*** Opening Material to process ***
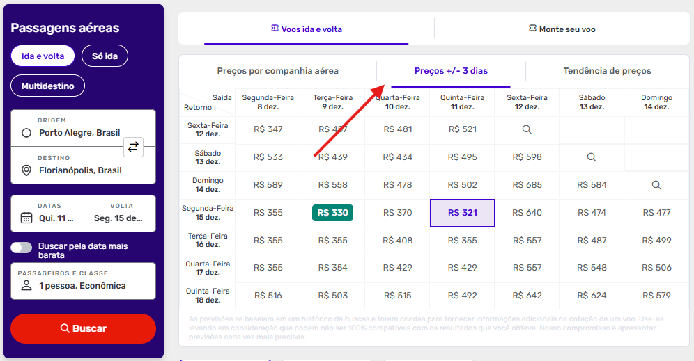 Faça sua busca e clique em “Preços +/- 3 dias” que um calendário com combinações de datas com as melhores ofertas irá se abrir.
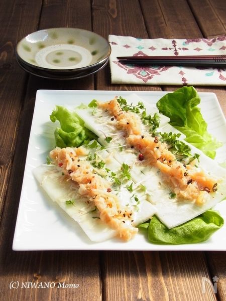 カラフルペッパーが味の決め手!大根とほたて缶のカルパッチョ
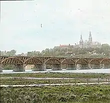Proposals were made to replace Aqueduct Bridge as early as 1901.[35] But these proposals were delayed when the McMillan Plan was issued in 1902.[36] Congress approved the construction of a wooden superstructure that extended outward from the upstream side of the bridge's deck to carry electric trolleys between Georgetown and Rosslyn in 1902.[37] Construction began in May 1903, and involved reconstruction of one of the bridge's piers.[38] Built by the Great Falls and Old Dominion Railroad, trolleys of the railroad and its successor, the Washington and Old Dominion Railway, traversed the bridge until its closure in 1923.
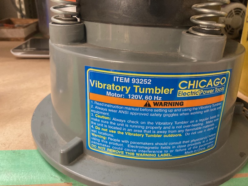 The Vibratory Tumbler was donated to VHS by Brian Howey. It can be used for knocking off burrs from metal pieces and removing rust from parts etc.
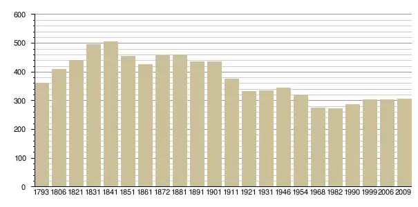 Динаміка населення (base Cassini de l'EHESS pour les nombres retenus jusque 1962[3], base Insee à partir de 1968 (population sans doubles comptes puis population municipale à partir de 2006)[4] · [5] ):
*** Closing Material to process ***
*** Opening Material to process ***
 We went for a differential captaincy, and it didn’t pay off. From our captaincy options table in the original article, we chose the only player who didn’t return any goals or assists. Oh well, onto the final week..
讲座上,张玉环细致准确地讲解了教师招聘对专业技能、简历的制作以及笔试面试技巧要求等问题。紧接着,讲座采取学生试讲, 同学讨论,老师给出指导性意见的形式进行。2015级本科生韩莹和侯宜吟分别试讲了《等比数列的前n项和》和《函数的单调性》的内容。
*** Closing Material to process ***
*** Opening Material to process ***
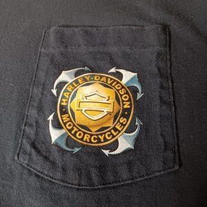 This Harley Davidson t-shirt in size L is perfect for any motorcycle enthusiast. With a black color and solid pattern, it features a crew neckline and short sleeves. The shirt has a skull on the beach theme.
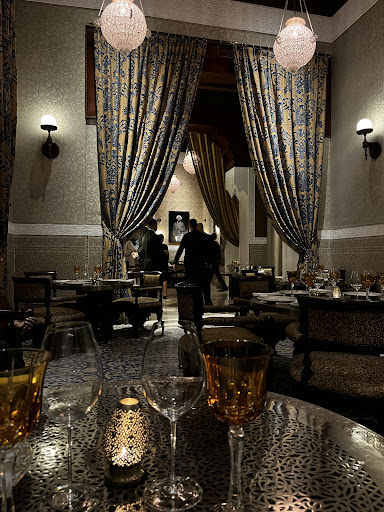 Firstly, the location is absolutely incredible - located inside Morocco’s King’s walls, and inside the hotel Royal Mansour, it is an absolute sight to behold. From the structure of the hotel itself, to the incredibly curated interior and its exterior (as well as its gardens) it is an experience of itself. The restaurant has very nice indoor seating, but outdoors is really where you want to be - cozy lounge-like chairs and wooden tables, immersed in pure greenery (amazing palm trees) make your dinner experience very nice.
*** Closing Material to process ***
Work instructions: In the data above, retype only the stretch from the line with "Faça sua busca" through the line with "カラフルペッパーが味の決め手!大根とほたて缶のカルパッチョ", word for word, and skip any pictures.

Written answer:
 Faça sua busca e clique em “Preços +/- 3 dias” que um calendário com combinações de datas com as melhores ofertas irá se abrir.
 カラフルペッパーが味の決め手!大根とほたて缶のカルパッチョ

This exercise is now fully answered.